Kuma 1.0: Universal Service Mesh GA
K8s Guru
2 min read

Table of Contents
Introduction
At Kong Summit 2020, Kuma 1.0 became generally available on September 9, 2020. The Envoy-powered mesh delivers consistent policy, routing, and observability across Kubernetes clusters and traditional workloads.
Multi-Zone Federation
- Global control plane coordinates traffic policies while remote zones handle data-plane configuration.
- Supports hybrid setups spanning Kubernetes clusters, VMs, and bare-metal services.
- Failover policies automatically shift traffic between zones when health checks detect issues.
Advanced Traffic Policies
- TrafficRoute adds weighted routing, request mirroring, and retries with circuit breaking built in.
- TrafficPermission simplifies zero-trust rules with service-to-service identity selectors.
- FaultInjection supports latency, abort, and rate-limit scenarios for chaos experiments.
Observability Packs
- Bundled Grafana dashboards and Prometheus alerts give instant visibility into Envoy metrics.
- OpenTracing/OpenTelemetry integrations forward traces to Jaeger, Zipkin, or Datadog.

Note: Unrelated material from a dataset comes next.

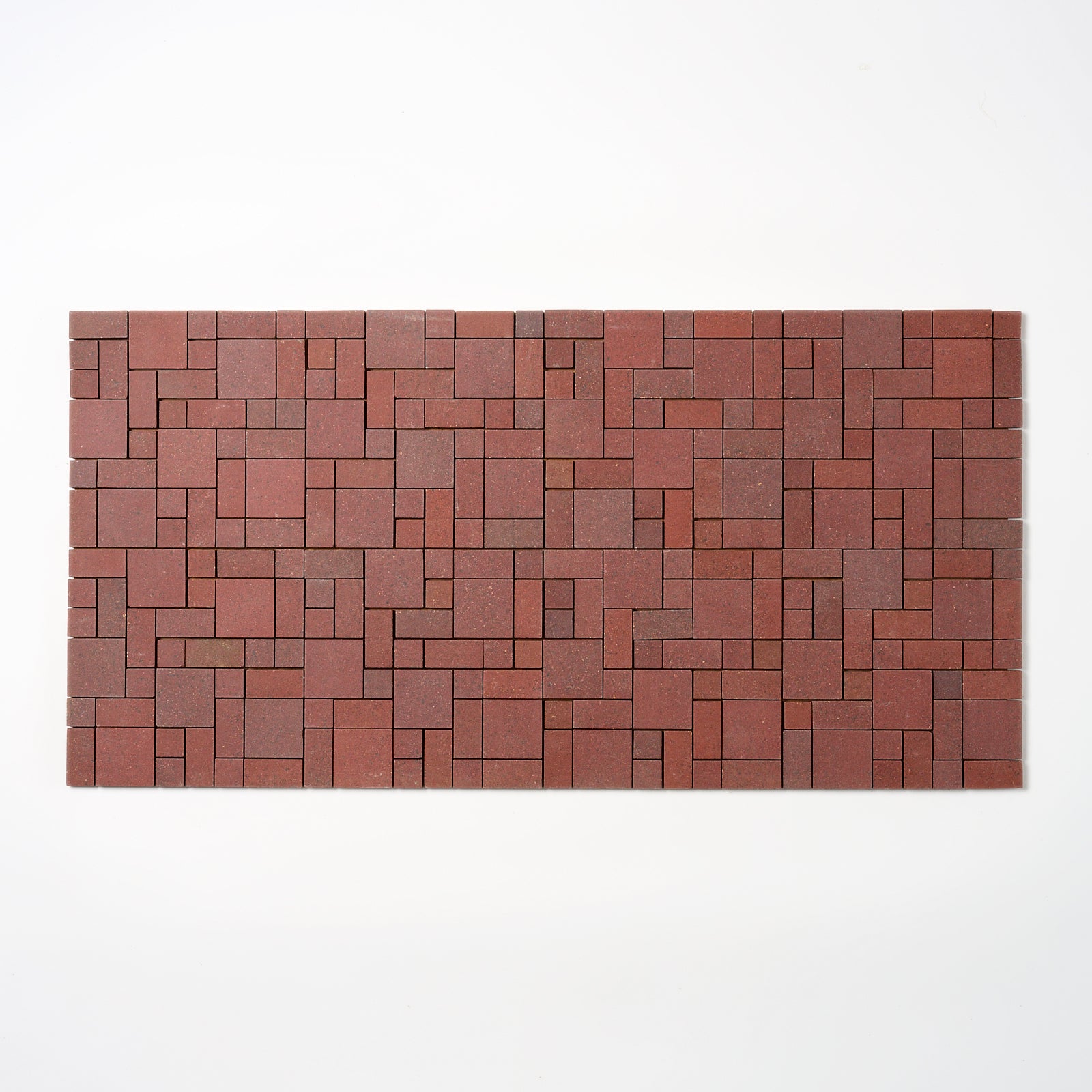 This incredible 1940s unglazed floor tile is maroon in color. Each sheet is 13" x 26" x 1/4" thick. Manufactured by Olean Tile in the USA in the 1940s. Pattern is Block Randon.

- Service map visualizations highlight policy hits, mTLS status, and error rates.
Getting Started
kumactl install control-plane | kubectl apply -f -
kubectl apply -f kuma-demo.yaml
Join a universal workload:
kumactl install transparent-proxy
bin/kuma-dp run --cp-address https://global-control-plane:5679 \
--dataplane-file backend-dp.yaml
Summary
| Aspect | Details |
|---|---|
| Release Date | September 9, 2020 |
| Headline Features | Multi-zone federation, advanced routing, observability packs |
| Why it Matters | Makes service mesh adoption realistic for mixed Kubernetes and legacy workloads |
Kuma 1.0 shows that policy, traffic management, and visibility can span every corner of the infrastructure without reinventing architectures.